Parce que si des cocktails fynbos et même des sushis biltong sont disponibles autour de la ville, l’Afrique du Sud, un pays de 11 langues officielles, n’a toujours pas une idée réelle de ce qu’est sa cuisine nationale. L’apartheid considérait que toute tradition non-blanche n’était pas pertinente, de sorte que le monde riche de la cuisine du Cap Malais, de l’Indien, du Zoulou, du Xhosa et du Khoisan était systématiquement ignoré. Quelque 22 ans plus tard, le pays souffre toujours de cet héritage.

« Une cuisine nationale est le produit d’une culture nationale partagée – et c’est quelque chose qui est encore en développement en Afrique du Sud. Ce que je peux dire, c’est que presque tous les Sud-Africains de la plupart des groupes sociaux partagent l’amour de la viande rouge et la cuisine sur charbons », explique Jean-Paul Rossouw, qui écrit les guides alimentaires de Roussow’s Restaurants. « Ceci est fait à la fois lentement (potjie) et rapidement (le braai bien-aimé). »

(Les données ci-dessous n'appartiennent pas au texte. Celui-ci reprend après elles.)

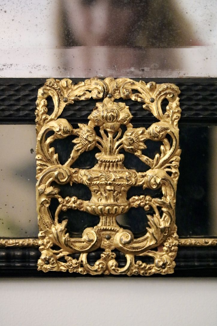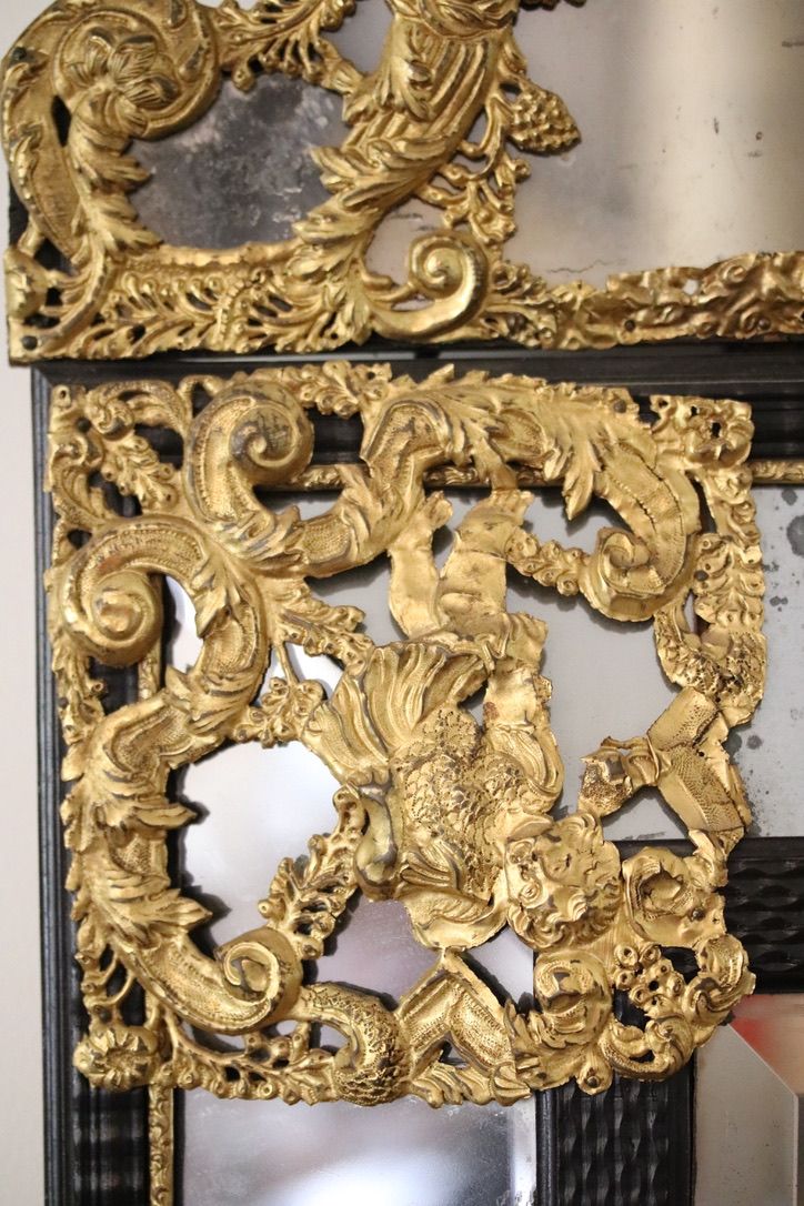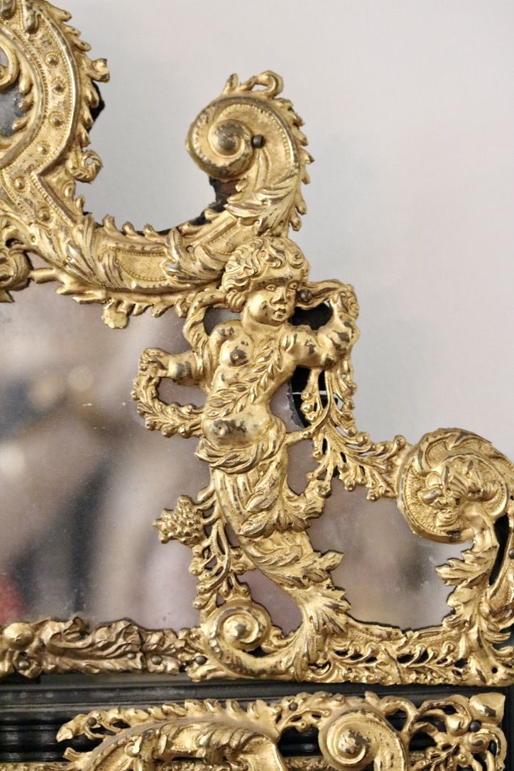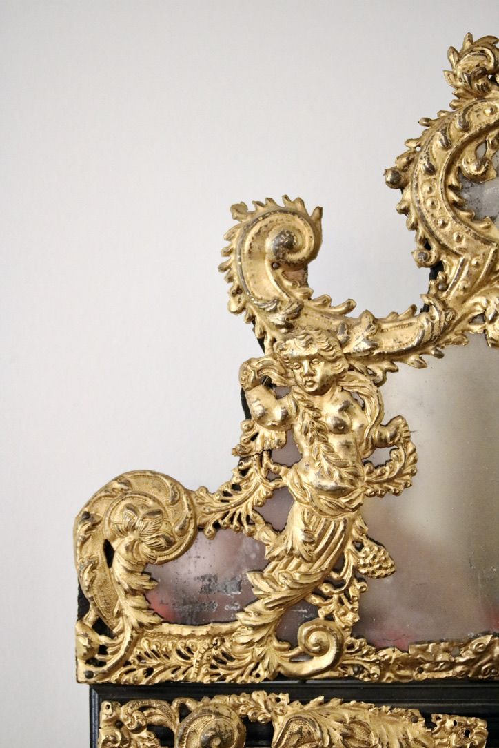 Miroir en laiton repoussé et en ébène. Les écoinçons sont à motif de rinceaux feuillagés, d’urnes fleuries et de personnages romanesques évoquant celui placé au centre du fronton. Celui-ci est décoré en son milieu d’un personnage dansant au son d’une lyre qu’il tient dans ses mains, et sur les côtés de putti à mi-corps. Le personnage central est probablement Orphée, dont on reconnaît l’attribut de la lyre, symbole de la musique et du chant dans lequel Orphée excelle. Travail flamand Vers 1670 Restaurations d’usage H. 104 x L. 62 cm

Le retour à la cuisson traditionnelle à flamme nue s’est répandu comme une traînée de poudre autour de la ville, des steakhouses haut de gamme comme le Marble à Sandton aux joints hipster tels que le Che à Maboneng, un grill argentin où la riche odeur de viande envahit la pièce.

« Pendant des années, les gens de Joburg se sont contentés de la médiocrité », explique Steve Steinfeld, du blog The Joburg Foodie. « Les gens ne savaient pas qu’ils pouvaient et devaient s’attendre à mieux, mais des endroits comme Marble suscitent vraiment ces attentes. »

Mais comme toutes les grandes villes du monde, Johannesburg n’est pas à l’abri des tendances alimentaires puissantes qui balayent le globe: cuisiner avec des produits locaux de saison et réduire le gaspillage au strict minimum deviennent de plus en plus importants.

« Le truc avec toutes ces tendances », explique Trapido. « Est-ce qu’ils sont tous plutôt dérivés – au Cap, les restaurants imitent tout ce qui était grand à Londres il y a quelques années. Après tout, la recherche de nourriture et l’alimentation du nez-à-queue peuvent être à la mode – mais ils n’ont rien de nouveau. C’est ce qu’on appelle le déjeuner à Soweto.”